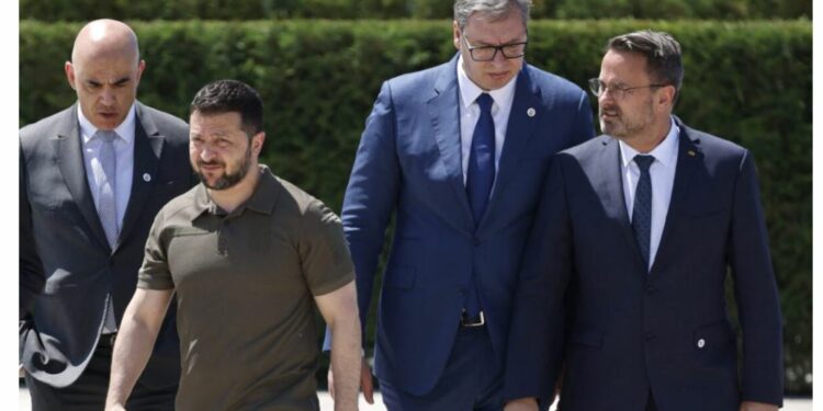 “Do të përpiqem të flas me Zelenskyn”, tha Vuçiq dhe shtoi, “do të ulem dhe do të bisedoj me të privatisht për gjithçka që ka ndodhur së fundmi rreth Kosovës, njohjen apo mosnjohjen e tërësisë territoriale të të dyjave vendeve. Ne respektojmë integritetin territorial të Ukrainës dhe shpresojmë që ata të respektojnë edhe tonin”.
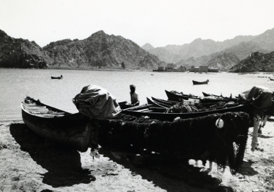 Enkele boten zonder mast, beladen, een persoon.
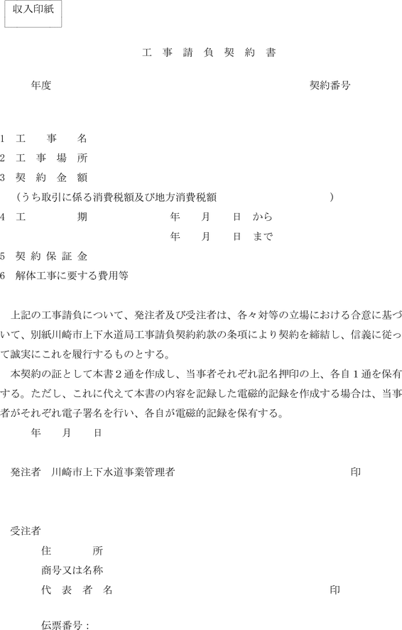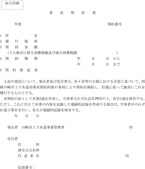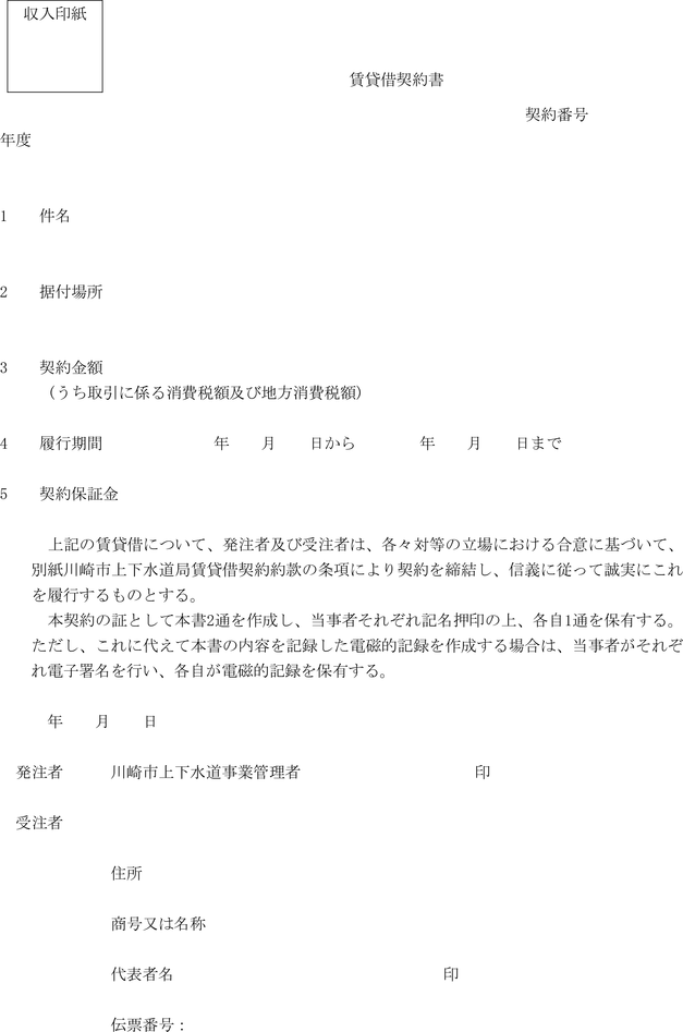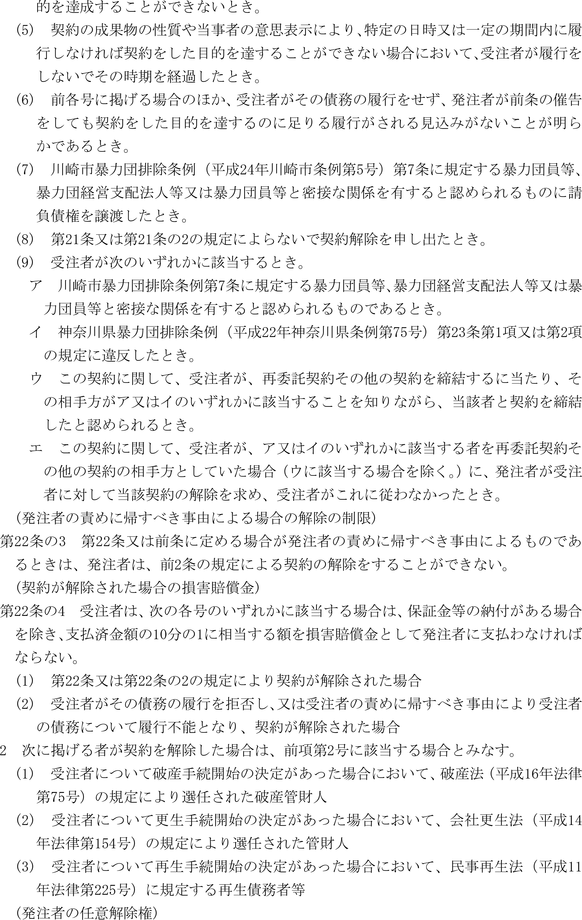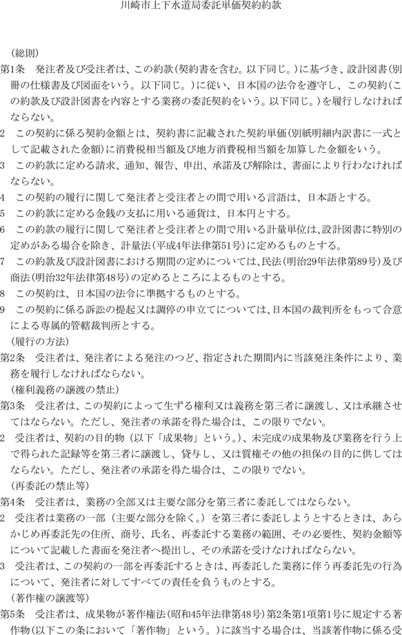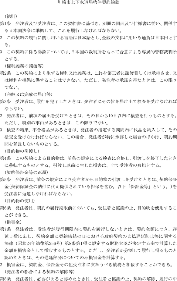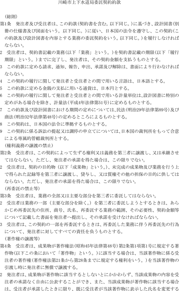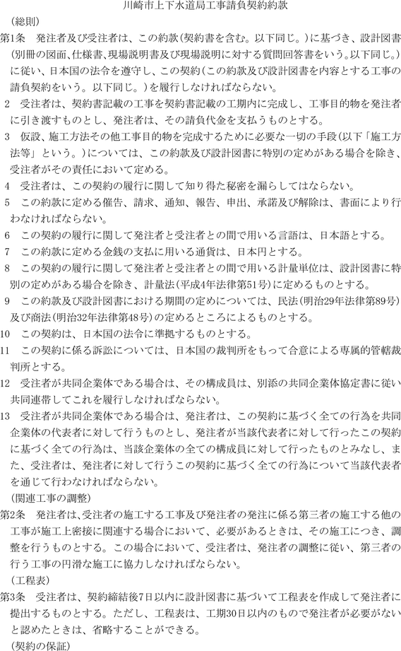 第1条 上下水道局(以下「局」という。)の売買、貸借、請負その他の契約に関し必要な事項は、法令、川崎市契約条例(昭和39年川崎市条例第14号。以下「条例」という。)又は他に特別の定めがあるもののほか、この規程の定めるところによる。
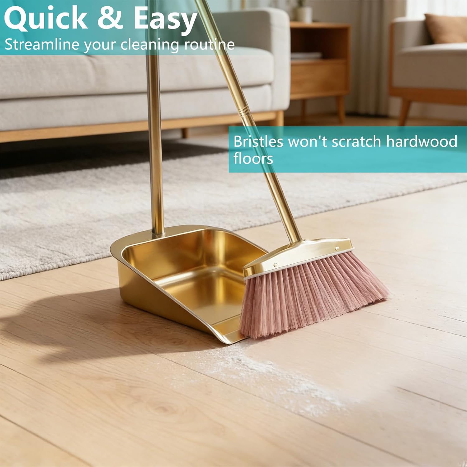 Upgrade your cleaning routine with this premium stainless steel broom and dustpan set. The long-handle design eliminates the need to bend while sweeping, making cleanup tasks more comfortable and efficient. The heavy-duty construction and windproof design make it ideal for both indoor and outdoor use, from kitchen floors to patios. The standing dustpan design allows for convenient storage and quick access when needed. Perfect for home maintenance, this versatile set combines durability with practical features for effective sweeping in any setting. The thoughtful design includes a secure lock mechanism to keep the broom and dustpan together when stored, while the ergonomic handles provide a comfortable grip during use.
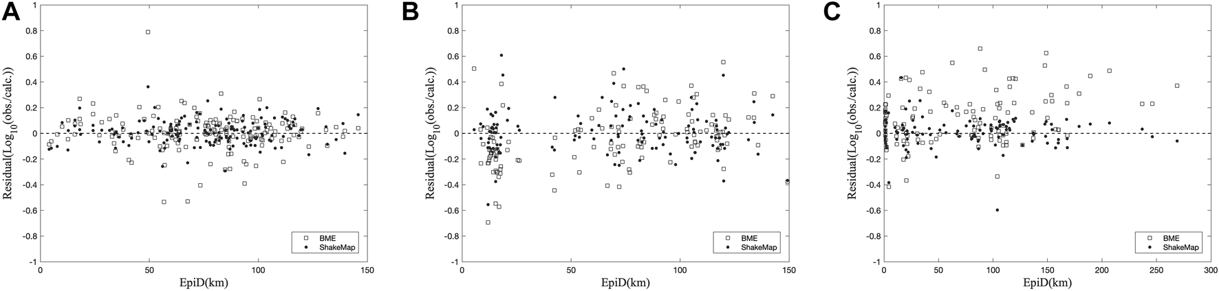 Residual analysis. The abscissa is the epicenter distance, and the ordinate is the logarithmic ratio of the measured data to the predicted data. Comparison of the results of the ShakeMap and BME method for the (A) Japan earthquake, (B) US earthquake and (C) Turkey earthquake.
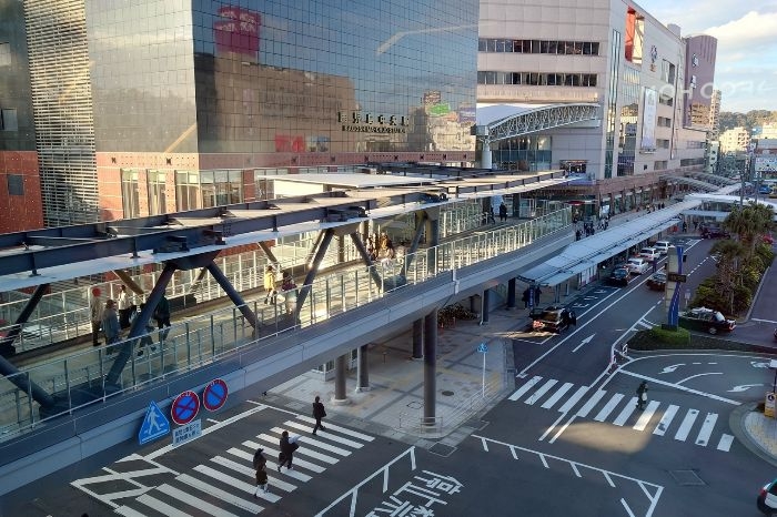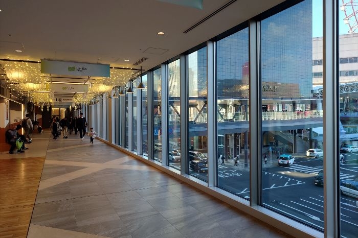 鹿児島中央駅と直結しているペデストリアンデッキの様子です。
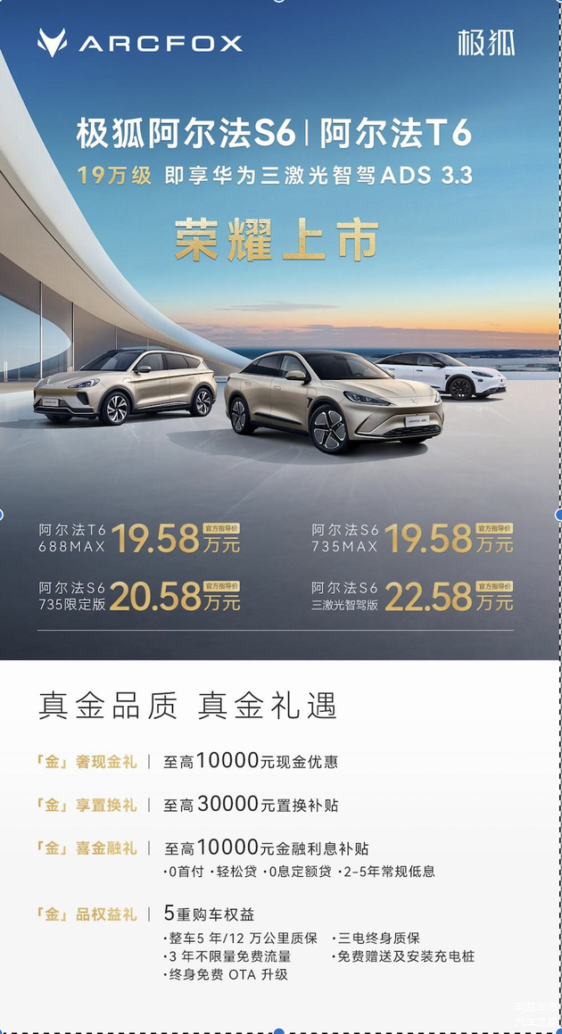 极狐的智能化步伐还在继续,4月2日,极狐汽车再次发布新品,阿尔法新6系上市,将智驾平权的门槛再度降低,同时也将智驾水准大幅抬升。配备了3激光雷达、搭载华为乾崑智驾ADS 3.3的极狐阿尔法S6,20万内就能搞定你敢信?极狐阿尔法T6,用19万级重新定义中大型SUV,给到用户百万级豪车的超品质,也将极狐汽车“死磕品质”的执念再次提到一个新高度。
==============================
▶ **EXERCISE AIM**: Please give back exactly the lines from the first line of the records above through the line containing "鹿児島中央駅と直結しているペデストリアンデッキの様子です。", only those and both included, with the pictures removed.

▶ **REPLY TO THE EXERCISE**:
 “Do të përpiqem të flas me Zelenskyn”, tha Vuçiq dhe shtoi, “do të ulem dhe do të bisedoj me të privatisht për gjithçka që ka ndodhur së fundmi rreth Kosovës, njohjen apo mosnjohjen e tërësisë territoriale të të dyjave vendeve. Ne respektojmë integritetin territorial të Ukrainës dhe shpresojmë që ata të respektojnë edhe tonin”.
 Enkele boten zonder mast, beladen, een persoon.
 第1条 上下水道局(以下「局」という。)の売買、貸借、請負その他の契約に関し必要な事項は、法令、川崎市契約条例(昭和39年川崎市条例第14号。以下「条例」という。)又は他に特別の定めがあるもののほか、この規程の定めるところによる。
 Upgrade your cleaning routine with this premium stainless steel broom and dustpan set. The long-handle design eliminates the need to bend while sweeping, making cleanup tasks more comfortable and efficient. The heavy-duty construction and windproof design make it ideal for both indoor and outdoor use, from kitchen floors to patios. The standing dustpan design allows for convenient storage and quick access when needed. Perfect for home maintenance, this versatile set combines durability with practical features for effective sweeping in any setting. The thoughtful design includes a secure lock mechanism to keep the broom and dustpan together when stored, while the ergonomic handles provide a comfortable grip during use.
 Residual analysis. The abscissa is the epicenter distance, and the ordinate is the logarithmic ratio of the measured data to the predicted data. Comparison of the results of the ShakeMap and BME method for the (A) Japan earthquake, (B) US earthquake and (C) Turkey earthquake.
 鹿児島中央駅と直結しているペデストリアンデッキの様子です。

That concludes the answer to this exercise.